# POET and SQ in 2007



## gazingatmars (21 Dec 2006)

I recently finished BMQ in Borden and was wondering if anyone KNOWS when POET course starts up in Kingston.  I'm getting some conflicting information.  Some say every few weeks, others say twice a year, and everything in between. Anyone know any firm start dates for POET in the upcoming months? Ditto for SQ... and where's the best place to take SQ?

Thanks!


----------



## MikeL (21 Dec 2006)

You don't get too choose where you do SQ, so it doesnt matter.
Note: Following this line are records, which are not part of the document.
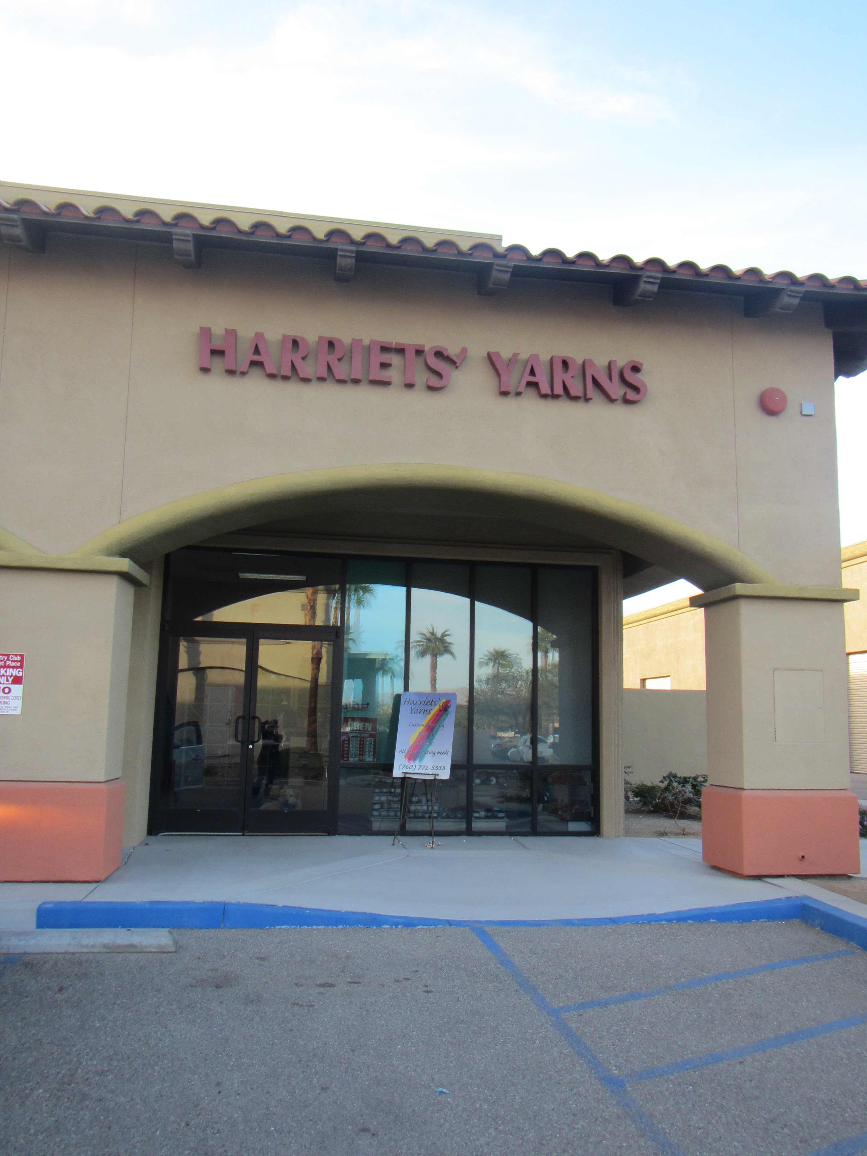 I needed some needles to stitch up the Diamond Lace Mitts so I went online to find a yarn store in the Palm Springs area. There was not a lot to choose from and the one called “Harriets’ Yarns” in Palm Desert was an obvious choice–my bff is named Harriet. On the map it looks like Palm Springs, Cathedral City, Rancho Mirage and Palm Desert are close together, yet when you are driving down Ramon Avenue and then Bob Hope Drive and then Country Club Drive, stopping at all of the lights, it feels a lot further. At last we found it in a large shopping area. (Just noticed the apostrophe seems to be misplaced or there is more than one Harriet!)
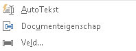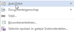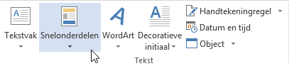 - Kies voor Tab Invoegen >> Groep Tekst >> Optie Snelonderdelen
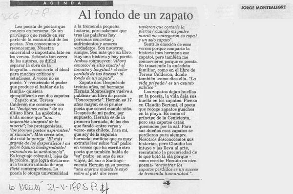 Al fondo de un zapato [artículo] Jorge Montealegre.
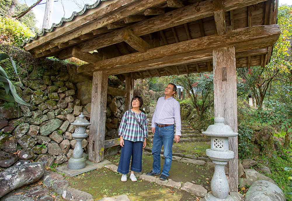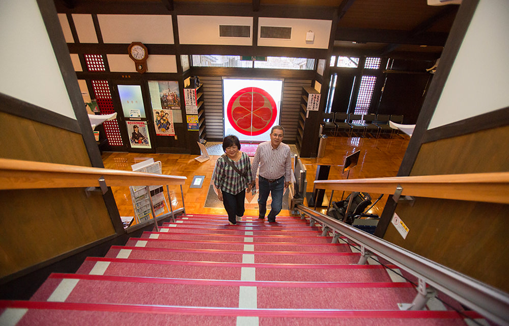 周辺には中岡慎太郎ゆかりの地がたくさんあります。まずは生家から。庄屋の家には必ず勘定の間、庭に面した式台、次の間、客間などがあり、ここには自由に入れます。ふたり並んで縁側に腰かけ、山をのんびり眺めつつ、慎太郎になった気分を味わいます。
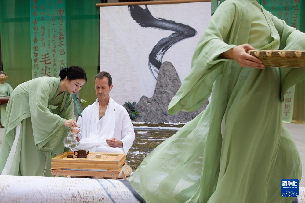 中国文化的博大精深和独特魅力一直以来吸引着全球各地的目光。近年来,秉持开放包容,坚持守正创新,中国文化的活力、开放度、创造力不断提升。2023年,中国文化在传承与发展中迸发出新的光彩。艺术无国界,文化共鸣成为拉近人民心灵的纽带。共享文化之美,中外文化和谐交融,为世界和平与发展注入动力。 6月8日,表演者在西班牙马德里中国文化中心举行的“茶和天下·雅集”活动上进行表演。 新华社记者 孟鼎博 摄
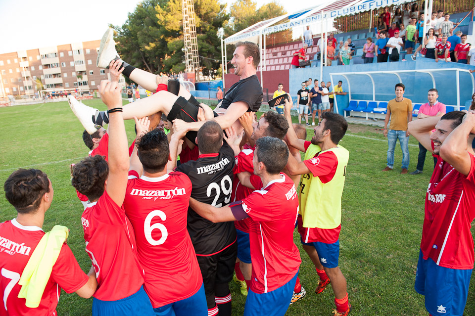 Los aficionados del Mazarrón FC se llevaron el pasado domingo la alegría que llevaban esperando desde hace tiempo. El equipo consumó, ante su afición, el ascenso a la Preferente Murciana. Tras una buena semifinal ante el Juvenia, el conjunto entrenado por Javi García, llevaba una cómoda renta tras el 0-2 de la ida con El Esparragal. Finalmente, los mazarroneros no solo defendieron la renta sino que además lograron cerrar con triunfo también la vuelta con un resultado final de 2-1, sumando en el global un 4-1 y sellando con superioridad su ascenso de categoría. Tolo volvió a ser el hombre del partido al anotar los dos tantos.
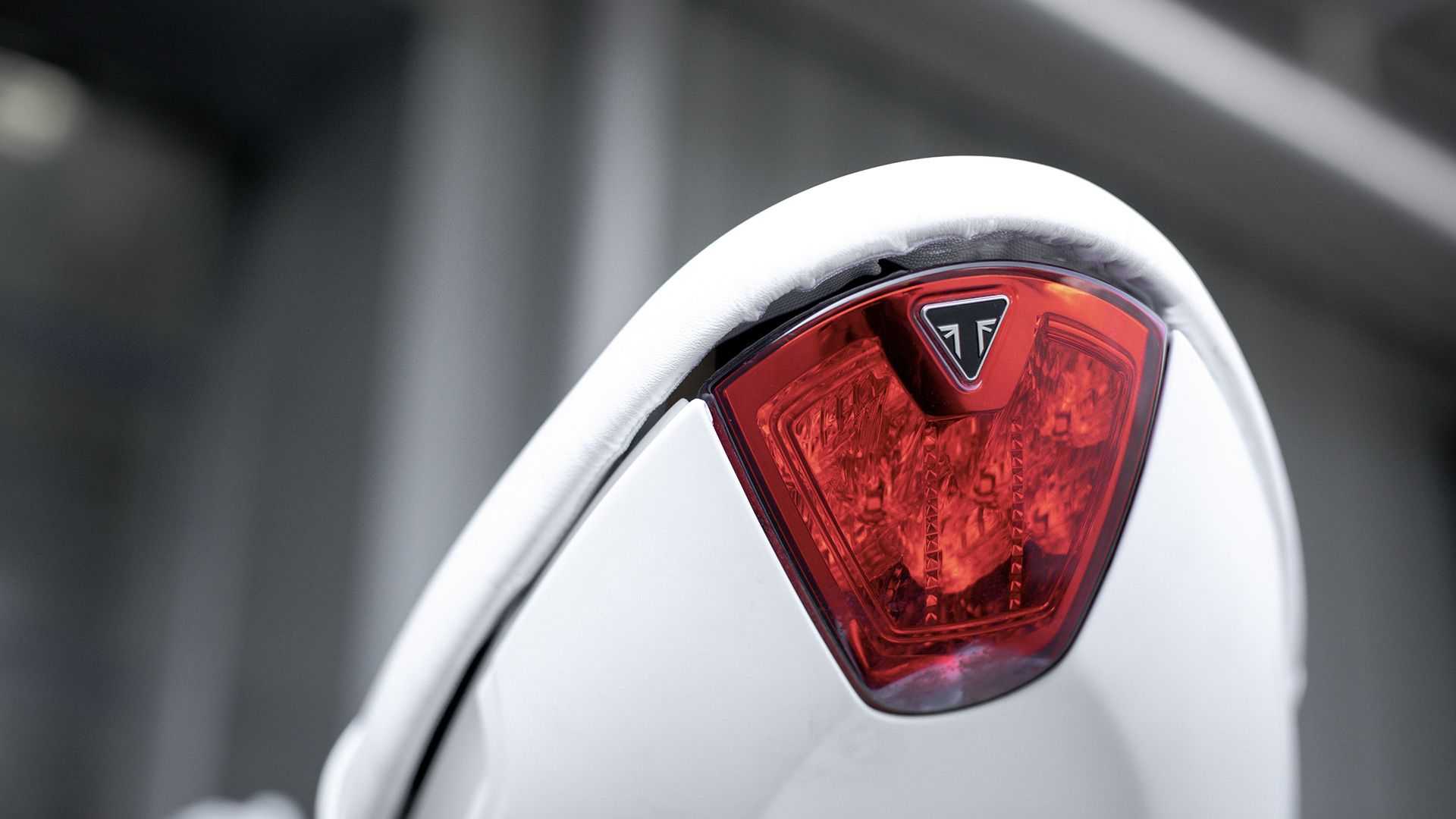 油箱、車身的線條刻畫也比Street Triple銳利的肌肉紋理更圓潤,但滑順之中仍能看出TRIUMPH想賦予TRIDENT的動感氣息;一體式坐墊也比Street Triple的分離式坐墊提供更多舒適度;短車尾的線條收束展現性能氛圍,給人更熱血的視覺感受。
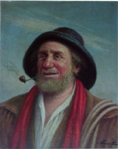 043 | Charakterbildnis eines Pfeife rauchenden Fischers (Öl/Holz ohne Rahmen) Ähnliche Motive: rauchende Männer | 82×62 (hoch) | wurde 05/2007 und 12/2008 bei www.kunst-und-kuriosa.de zur Versteigerung angeboten, bzw. 05/2010 bei www.mehlis.eu/archiv/58-auktion/objekte/0004234 versteigert |
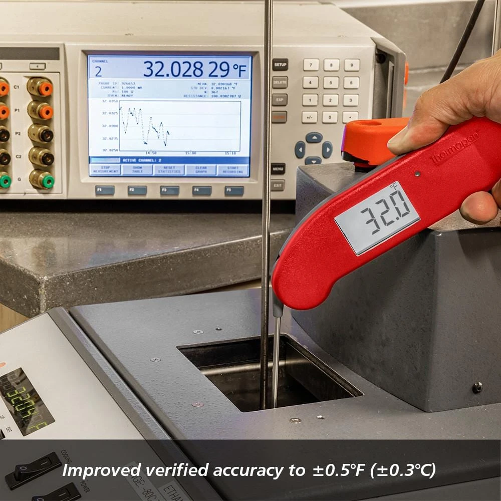 With full readings in ONE second or less, Thermapen ONE approaches the speed of thought—allowing you to focus exclusively on the quality of your work. Never has an instrument been able to achieve such speed and accuracy without sacrificing durability and usability…until now.
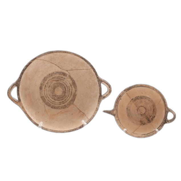 Two Cypro-Geometric Dishes, circa 1050-750 B. C. , both with handles and a shallow flat base, the interiors decorated with concentric circles; the undersides have additional bands around the base, which features latticed geometric shapes; the larger dish also sports four swastika patterns on the base. The larger dish 12. 25 in. with handles; the smaller dish is 8. 75 in. with handles Both pieces restored from four pieces; expected aging and wear to surfaces. Sale Price: $325
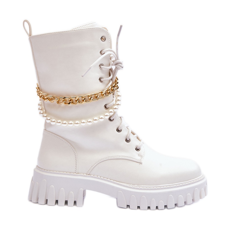 Leather High Workers with Chain White Nameer – uudet välttämättömät jalkineet
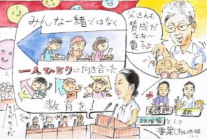 医療・介護の現場では、高齢者の方のご病気や障害の現れ方が、みなさんそれぞれ違う。そこを見極めて、「この人に何が必要だろうか?」と考えるのはごく当たり前のことです。だけど子どもたちの通う学校は、同じ時間、同じ場所に子どもたちを集めて、一斉に同じ授業をする、同じ宿題が出る。なぜそれが見直されないのか、とても不思議なのです。
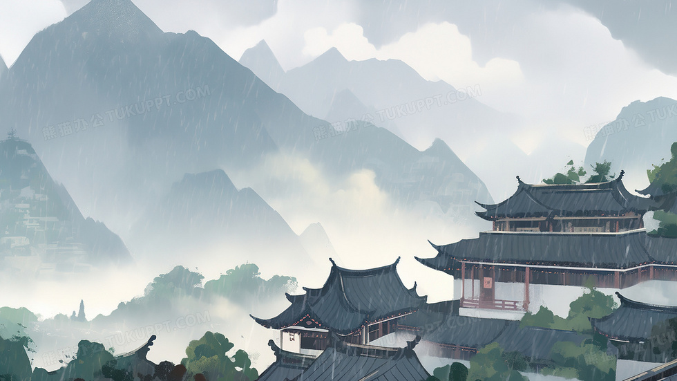 本作品内容为清明节气美丽的雨中村庄插画, 格式为 jpg, 大小2 MB, 图片尺寸为2764 x 1554, 源文件无水印, 欢迎使用熊猫办公。 如认为平台内容涉嫌侵权,可通过邮件:tousu@tukuppt.com提出书面通知,我们将及时处理。
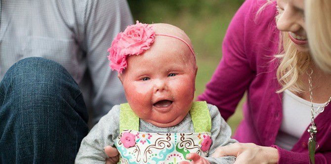 “You may first notice Brenna’s deep red coloring or her dry skin flaking off as she plays…but once you allow yourself to see beyond that, you’ll simply see a child enjoying life with her brother and her parents. You’ll see a child who loves animals and pizza, who loves to read, who throws temper tantrums, and who will jump at the chance to go to the library or the park.”
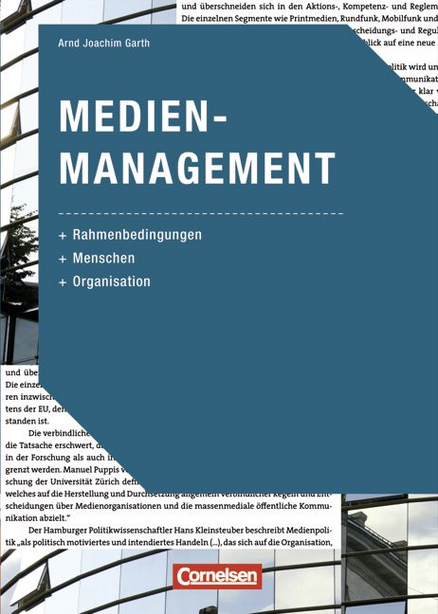 Portfolio, Märkte, Ökonomie; Medienpolitik, Ethik, Verantwortung; Psychologie, Kommunikation; Personal, Führung; Journalistische Anforderungen; Semiotik; Produktion, Projekt, Steuerung; Programmplanung, Qualität; Marketing, Media, Marke; Wertschöpfung; Controlling, BWL-Prozesse; Publizistik, Medienrecht; Agenturgründung; Internet, Web 3.0." (Verlagsbeschreibung)
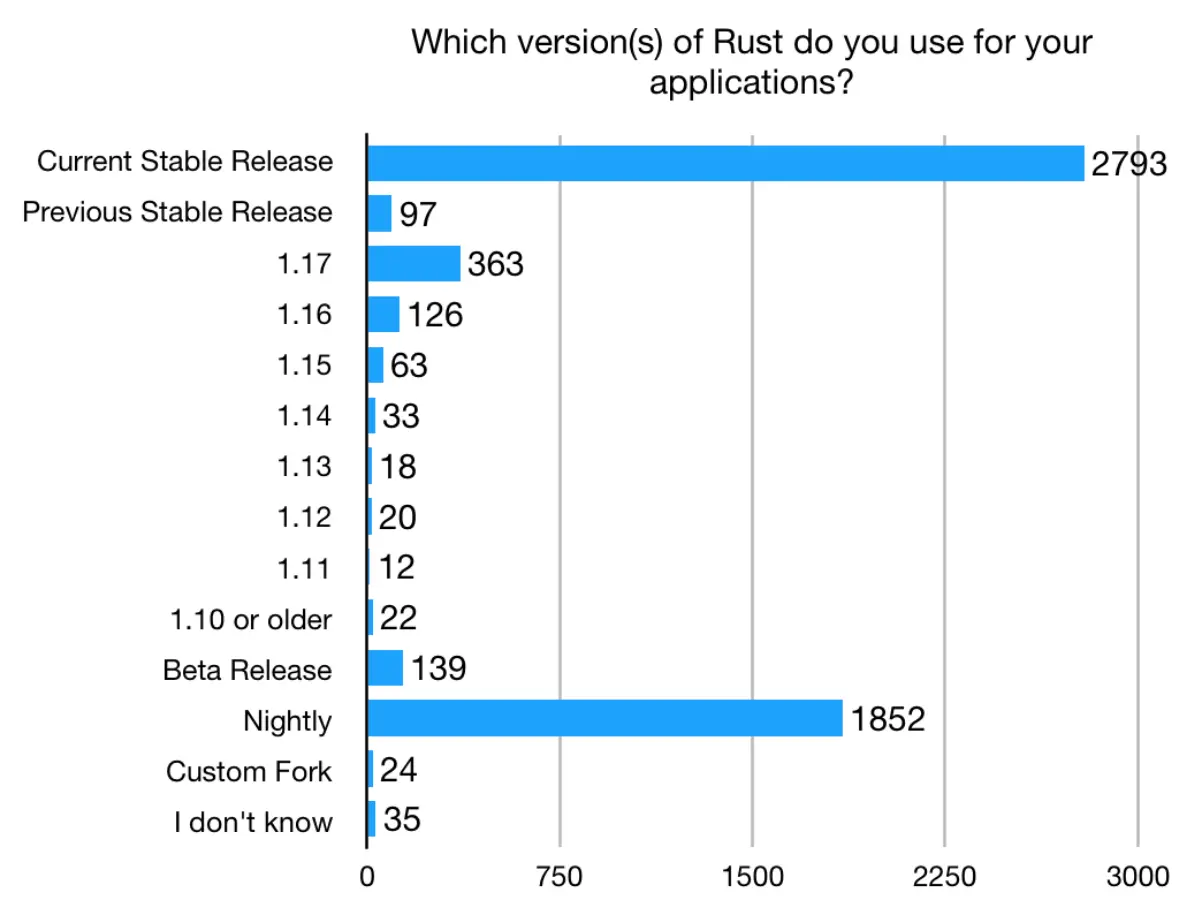 而在版本使用上,开发者除了最新的稳定版之外,还偏向于选择 nightly 版本(每日/夜间构建版),这也侧面说明开发者比较渴望能尽快新的体验和功能。
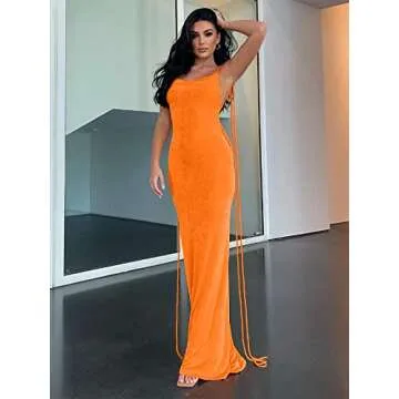 Volemo Women’s 2024 Summer Spaghetti Strap Bodycon Dress - Backless Maxi Cocktail Dress in Orange
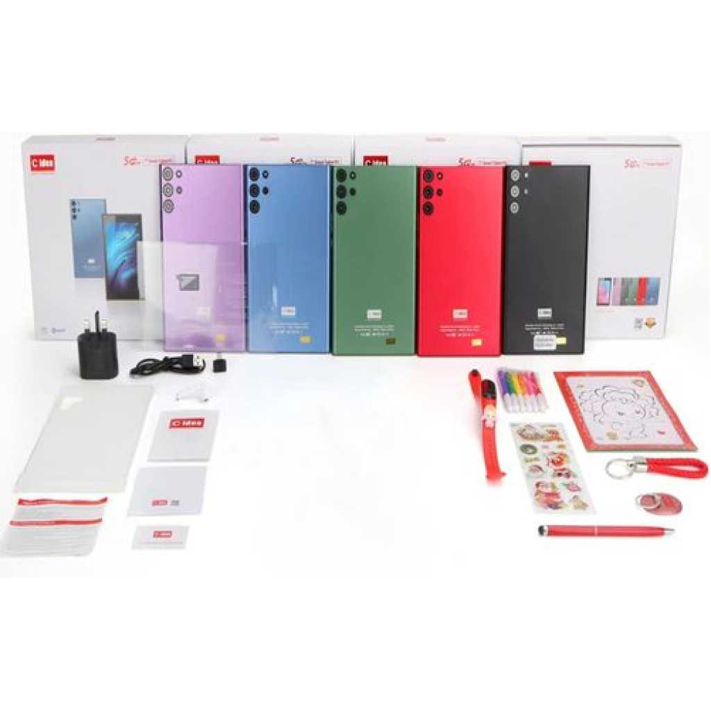 Description: The C idea CM522 is a budget friendly tablet that will fit nicely in anyone’s arms. It features a 7” WVGA IPS LCD screen, 3GB Ram with 32GB ROM and a 5,000mAh battery. It has a TF card slot which allows you to expand the memory with up to an additional 32GB. The C idea CM522 features with a 2MP front camera and 5MP rear camera and is powered by an MTK Quad Core processor. Item : 7” Smart Tablet PC Brand: C idea Model : CM522 Specification: Display : 7” WVGA Capacitive IPS Touch Screen LCD 1080p Full HD Operating System : Android 6.1 Network : 5G-LTE CPU: MTK Chipset : Quad-Core Flash+Ram : 32GB+3GB Expandable Memory : Up to 32GB Sim Type : 5G Single-Sim Battery capacity : 5000mAh Camera : Front – 2MP Back – 5MP Flash Light: Yes Wi-Fi Support : Yes Bluetooth Connect : Yes Face Unlock : Yes Charging Method : Micro USB Power Input : 5V/2A Size : 11.5X19X1(cm) Package Content: Android Tablet*1, UK Charger*1, Micro USB cable*1,OTG*1, Kids Watch*1,Pen*1,Bluetooth Headset*1,Colour pen*6,Random Cartoon stickers*1,Sand painting*1,Key Ring*1,Finger Buckle*1 User Manual*1

You will be taught the same thing regardless if you do it in Meaford, Gagetown, Wainright, etc.

Most people on PRETC get sent to Meaford for SQ, an a small percentage have gone to Gagetown.  SQ courses are run all the time, so you wont be waiting to long to get on SQ.


----------



## LCIS-Tech (23 Dec 2006)

Every Two weeks. Almost (with the exception of the rare zero-load) like clock-work. Make sure you brush up on your math.


----------



## gazingatmars (23 Dec 2006)

Thanks, I appreciate the info guys!


----------



## Deleted member 17368 (5 Jan 2007)

Hey everyone,

I'm finishing my BMQ Feb 9th in Alberta. I'm ATIS Tech and i was wondering if anyone knows when the next poet course will start?

Thank You Kindly

KS
BMQ WK9


----------



## aesop081 (5 Jan 2007)

You have 15 posts here, you know enough to do a search first. Topics merged.

Regards


----------



## Wright (13 Jul 2007)

from what i understand SQ is no longer a pre-req for LCIS i know several people who just got sent to units as 227 with no SQ...

kristen is this you ??????
if it is then you  know what is going on!!!


----------



## BigDaddyFatback (29 Aug 2007)

That is true, you can do your SQ after you are posted to a Unit. All the new guys we get here at JSR have no SQ.


----------



## Wright (25 Oct 2007)

i have heard even more that people are gettin sent on more moc upgrade courses as 227 still with no SQ, and still it seems that others are gettin sent to SQ while awaiting 3's , CFSCE is a little confusing at times, i was off from april to october befoer starting my 3's after POET, doing OJT at LFDTS, people that graduated after me went and did there SQ,


----------